As any visitor to a museum of modern art may attest, what qualifies as “art” is sometimes in the eye of the beholder.
For shop owner Michael Kleinman the display was both an advertisement and an artistic statement. Mr. Kleinman runs a chain of funky gift and novelty shops and has positioned similar bent-metal masterpieces out front of each. The San Marcos wreck was adorned with the work of two local painters and included the helpful reminder: “make love not war.”
The problem is city officials in San Marcos just weren’t feeling it. To them the Olds 88 looked like just another broken-down car, which put Kleinman in violation of the city’s junked vehicle ordinance.
A local judge ordered the Olds 88 removed. Kleinman sued, claiming the protection of the First Amendment.
The case went to federal court, then to the Fifth US Circuit Court of Appeals.
She noted that the court had established that certain forms of art (painting by Jackson Pollock, music of Arnold Shonberg, or Jabberwocky verse of Lewis Carroll) are “unquestionably shielded” by the First Amendment.
But Jones went on to note that the high court was referring “solely to great works of art.”

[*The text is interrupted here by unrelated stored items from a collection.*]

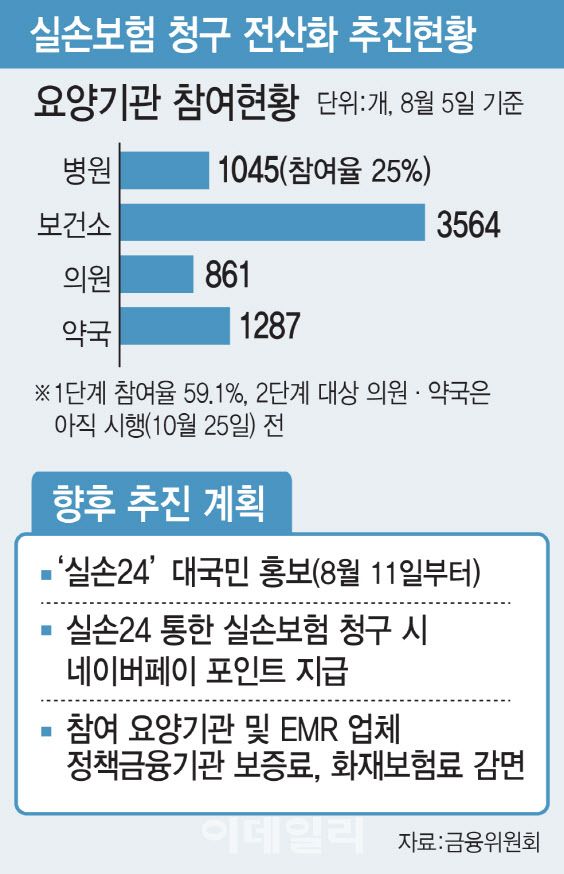 보건소 3564개를 제외하고 병원만 놓고 보면 4238곳 중 1045곳만 참여하고 있다. 참여율이 24.7% 저조한 수준이다. 다만 금융위 관계자는 “정신병원, 치과병원 등 실손보험 청구가 많지 않은 곳들도 포함된 거라 25%라는 수치가 소비자 효용을 의미하는 것은 아니다”라고 했다. 오는 10월 25일부터 2단계 확대 대상이 되는 의원·약국(약 9만6000개)도 온누리약국·위드팜약국 체인 등 약 2.2% 정도만이 선제적으로 참여했다.
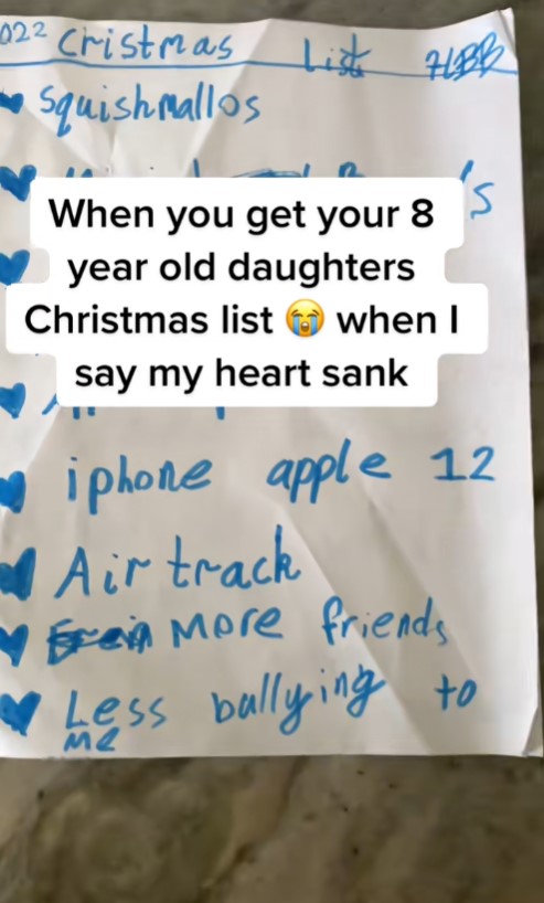 Во видео објавено на ТикТок кое трогна милиони корисници, Сузи Боливер, мајка на две деца, ја сподели листата со желби на својата осумгодишна ќерка. На почетокот, листата изгледала сосема нормално за нејзините години: кадифени играчки, розов „iPad mini“ и нови шарени моливи.
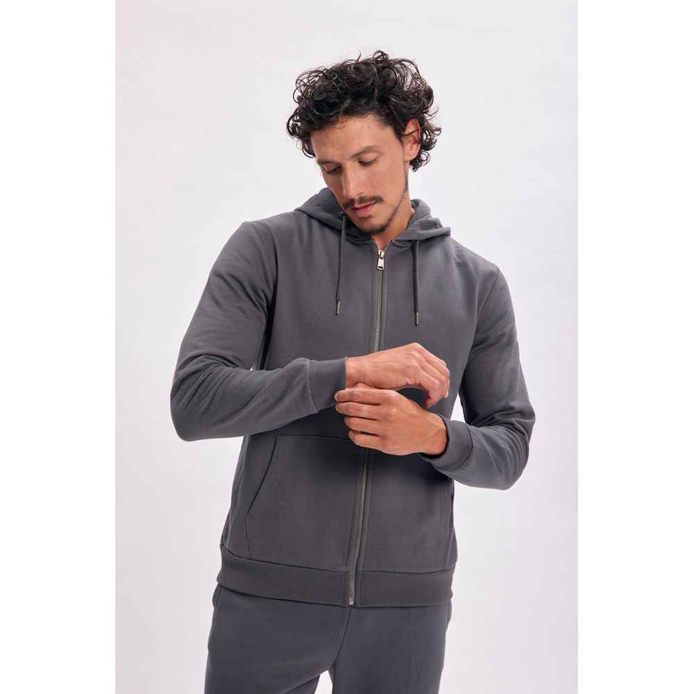 CHAQUETA DEPORTIVA CON CAPUCHA GRIS OSCURO

"Irrespective of the intentions of its creators,” Jones said, “the [Olds 88] car-planter is a utilitarian device, an advertisement, and ultimately a ‘junked vehicle.’ “
Kleinman and his lawyers disagreed. “The First Amendment’s protection of artistic expression is not limited to ‘great works of art’ by famous artists,” they said in their appeal to the US Supreme Court.
Kleinman and his lawyers filed their appeal over the summer. On Monday, the Supreme Court announced that it would not hear the case. The justices offered no explanation.
The action leaves the appeals court ruling in place and means that if Kleinman wants to keep the Olds 88 bent-metal masterpiece, he must move the display indoors or behind a high fence.